University of Oxford academic Ludovic Philappou has found that the returns reported by the private equity industry can be misleading.
University of Oxford academic Ludovic Philappou has found that the returns reported by the private equity industry can be misleading and calls for more accurate methodology.
In a new paper entitled “Why is the evidence on private equity performance so confusing”, Philappou of Said Business School reveals that there is a disparity between the private equity returns found by academic studies and the performance reported by the private equity industry.
‘Industry associations show quite consistently that private equity outperforms public equity by a wide margin,’ he says.
Philappou explains that the Yale endowment fund, famous for its high returns of around a 30 per cent annualised rate of return over 40 years, is ‘often cited as an example of how much value can be achieved by a portfolio with an aggressive allocation to private equity’.
‘Academic studies present a different view, showing that taken all together, private equity funds had returns comparable to those of public equity.’

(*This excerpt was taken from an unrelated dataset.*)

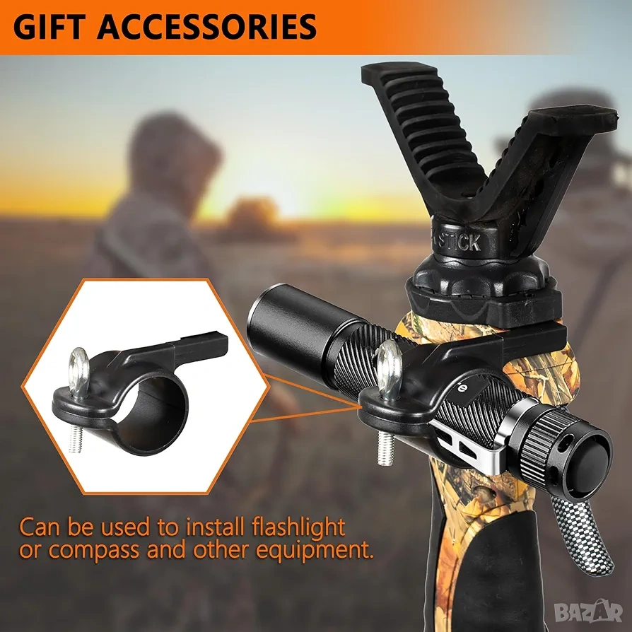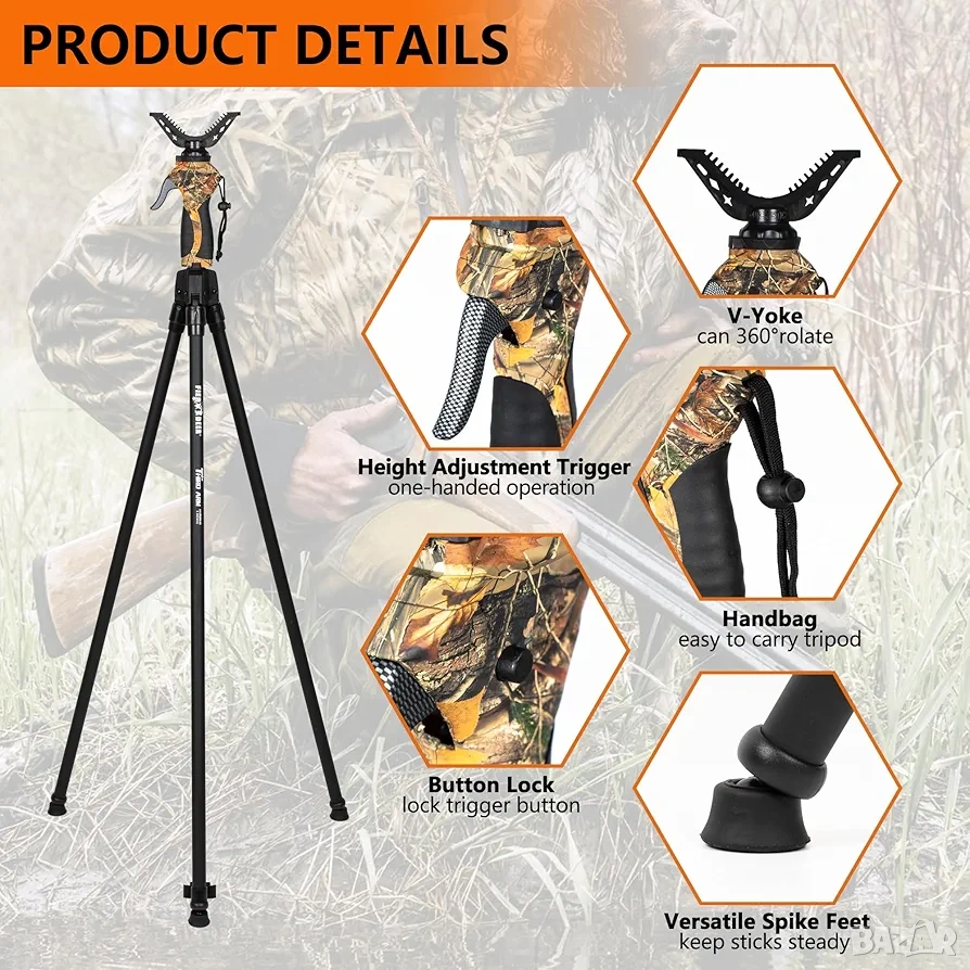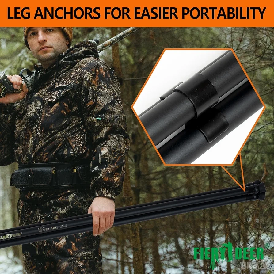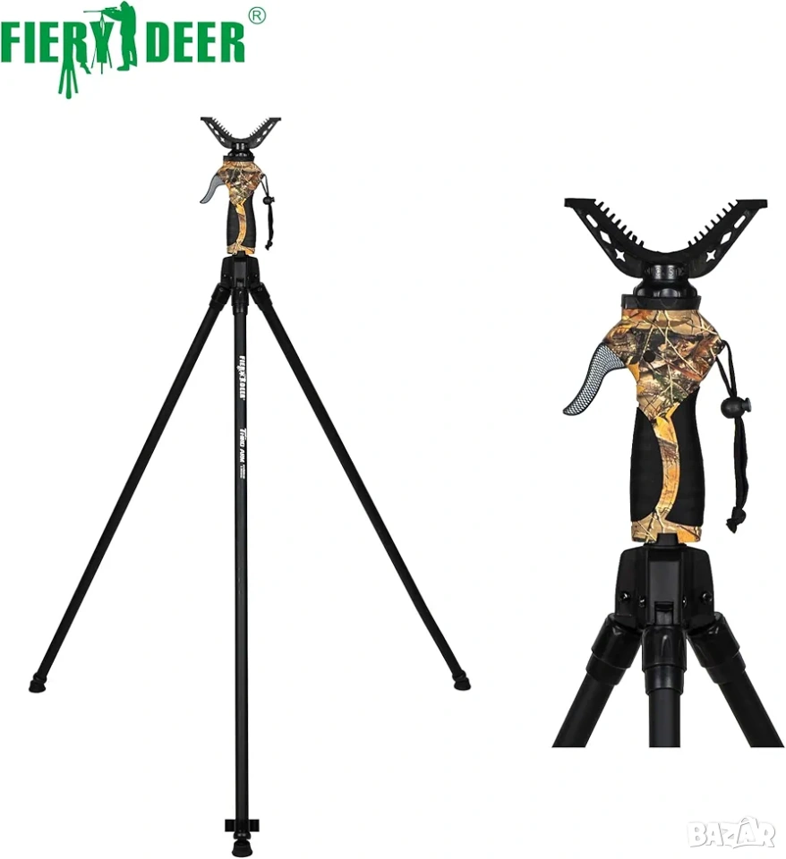 ловен трипод, опора за стрелба, FIERY DEER, трипод за лов, shooting stick, ловни аксесоари, алуминиев трипод, спусък трипод, ловна екипировка.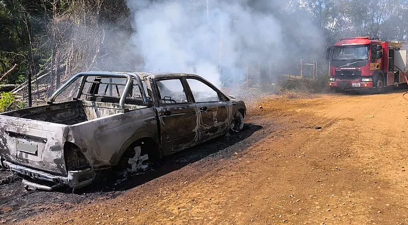 O condutor do veículo, um homem de 42 anos, se encontrava próximo ao local e relatou que estava cortando lenha quando ouviu estalos vindos do SUV e, ao verificar, percebeu que o veículo já estava em chamas.

The Oxford academic suggests that a ‘more robust methodology arising from academic research’ would make a comparison between asset classes ‘meaningful’.
Philappou continues, ‘This is highly significant as the industry performance reports, or that of Yale, are the only source of performance information for an asset class worth over $1 trillion (£620 billion).
‘I would encourage the private equity industry to re-evaluate how it computes performance.’
Philappou has been a lecturer in finance at Said Business School since January this year. He is in a ranking of the top 100 business school researchers worldwide by the Social Science Research Network for the number of downloads of his articles.